** Opening Given data block **

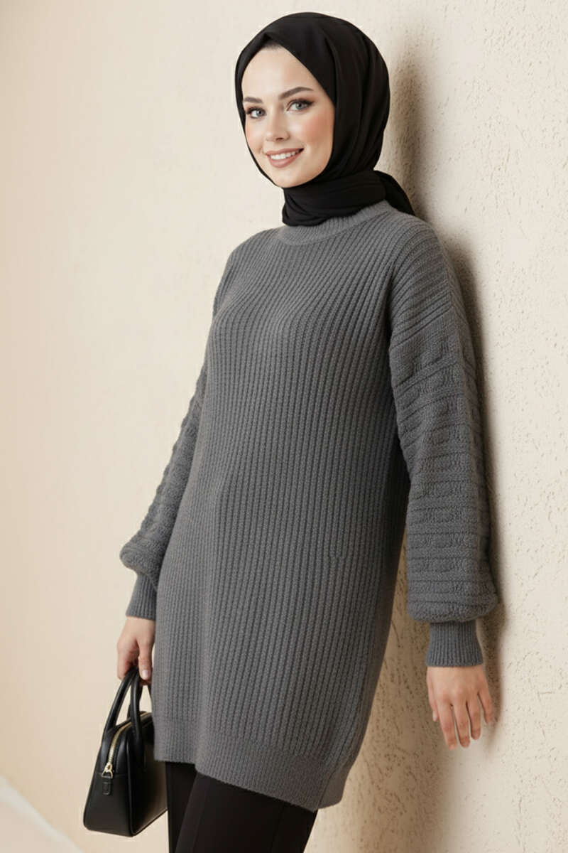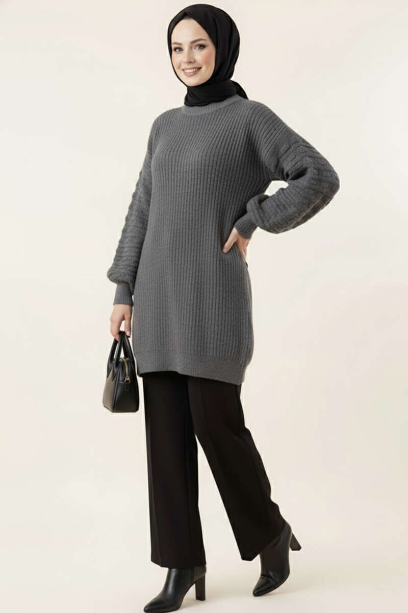 Balon Kol Kabartmalı Triko Tunik Bordo
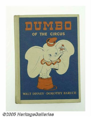 <B>Dumbo of the Circus (D. C. Heath & Company, 1948).</B></I> The most difficult to find of the Heath series, the winning bidder will be rewarded not only with by a very sharp copy of this volume -- but also by the presence of the extremely rare dust jacket! Most Heath books were shipped without dust jackets. The book itself is the best copy we've seen, with a really sharp cover that's retained its gloss. The jacket shows considerably more wear, but that's not surprising -- and it <I>is</B></I> scarce! In fact, considering the book's condition and the presence of the dust jacket, this copy could be considered the pot of gold at the end of the D.C. Heath rainbow! <I>From the Larry Jacobs Collection.</B></I>
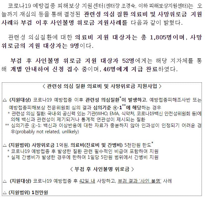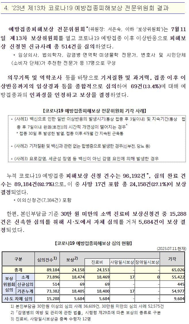 '23년 제13차 코로나19 예방접종피해보상 전문위원회 결과
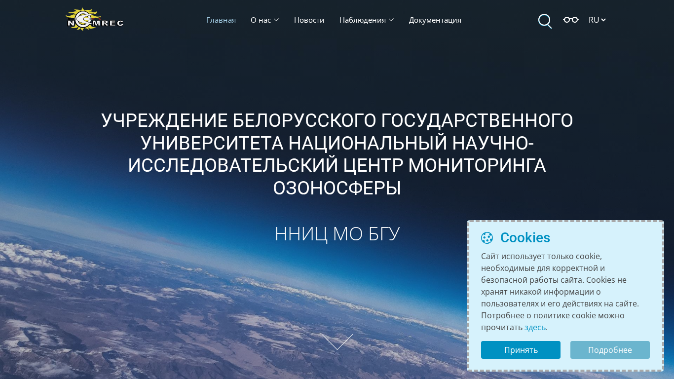 | AI-анализ | This website is the National Scientific Research Center for Monitoring of the Ozone Layer of the Belarusian State University (NNC MOBGU). The title of the website is "ННИЦ МО БГУ" and it contains information about the center's research in the field of ozone layer monitoring and related issues. Keywords associated with the website include "ozonosfery", "monitoring", "research", and "belarusi". The most frequently used words on the site are "подробнее" (more details), "бгу" (Belarusian State University), "нниц" (National Scientific Research Center), "озонового" (ozone layer), "слоя" (layer), and "день" (day). The website includes sections on general information about the center, its structure, research activities, and policies on confidentiality |
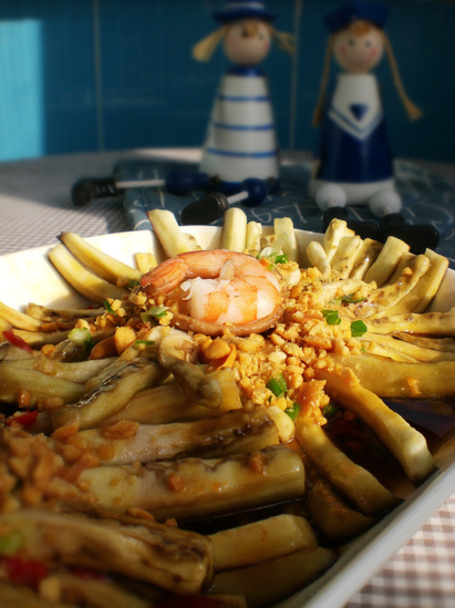 菊花茄子我之前还真是没做过,只是在外面吃到过,油炸的,那是相当高热量~最近减肥,不太喜欢吃油大的东西~我想了想还是决定用清蒸的做法,再加上虾仁和花生碎,那也是相当美味的哦~不知道小羊小小和路过的各位童鞋能否满意呢?
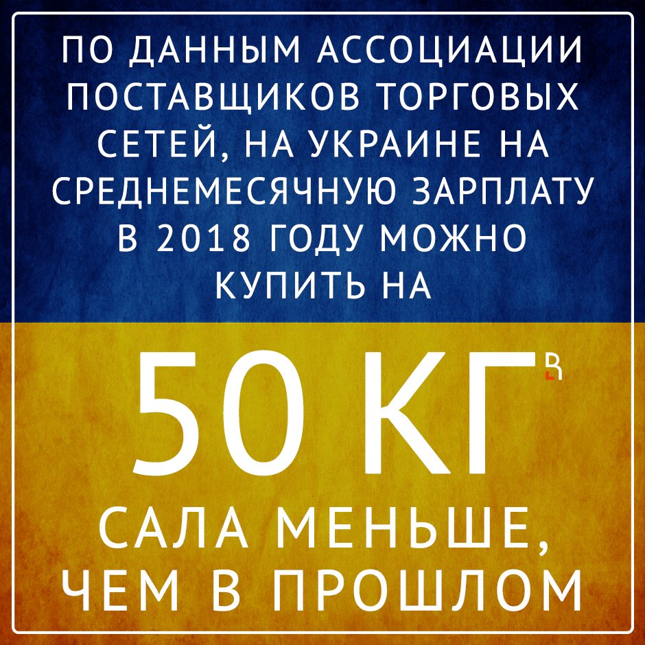 По данным Ассоциации поставщиков торговых сетей, на среднемесячную зарплату на Украине в 2018г. можно купить на 50 кг сала меньше, чем в прошлом.
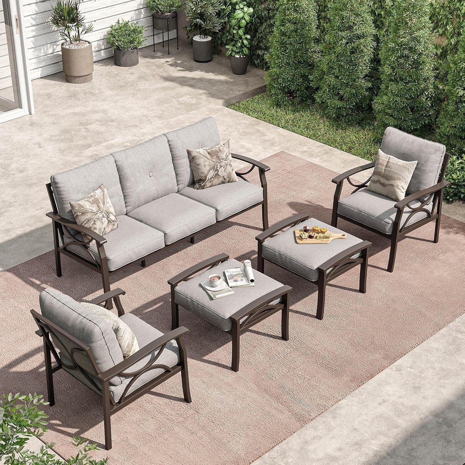 - Easy Assembly: This patio conversation set includes 2 armchairs, 1 sofa, 2 ottomans, and cushions. With clear instructions and necessary hardware, our furniture is a breeze to set up. Enjoy your stylish and comfortable outdoor seating in no time!

** Closing Given data block **

• Assignment:
Up to and including the line containing "예방접종피해보상 전문위원회 결과", quote each line of the entries above from the very first, please, exactly and without images.

• Solution to the exercise:
 Balon Kol Kabartmalı Triko Tunik Bordo
 <B>Dumbo of the Circus (D. C. Heath & Company, 1948).</B></I> The most difficult to find of the Heath series, the winning bidder will be rewarded not only with by a very sharp copy of this volume -- but also by the presence of the extremely rare dust jacket! Most Heath books were shipped without dust jackets. The book itself is the best copy we've seen, with a really sharp cover that's retained its gloss. The jacket shows considerably more wear, but that's not surprising -- and it <I>is</B></I> scarce! In fact, considering the book's condition and the presence of the dust jacket, this copy could be considered the pot of gold at the end of the D.C. Heath rainbow! <I>From the Larry Jacobs Collection.</B></I>
 '23년 제13차 코로나19 예방접종피해보상 전문위원회 결과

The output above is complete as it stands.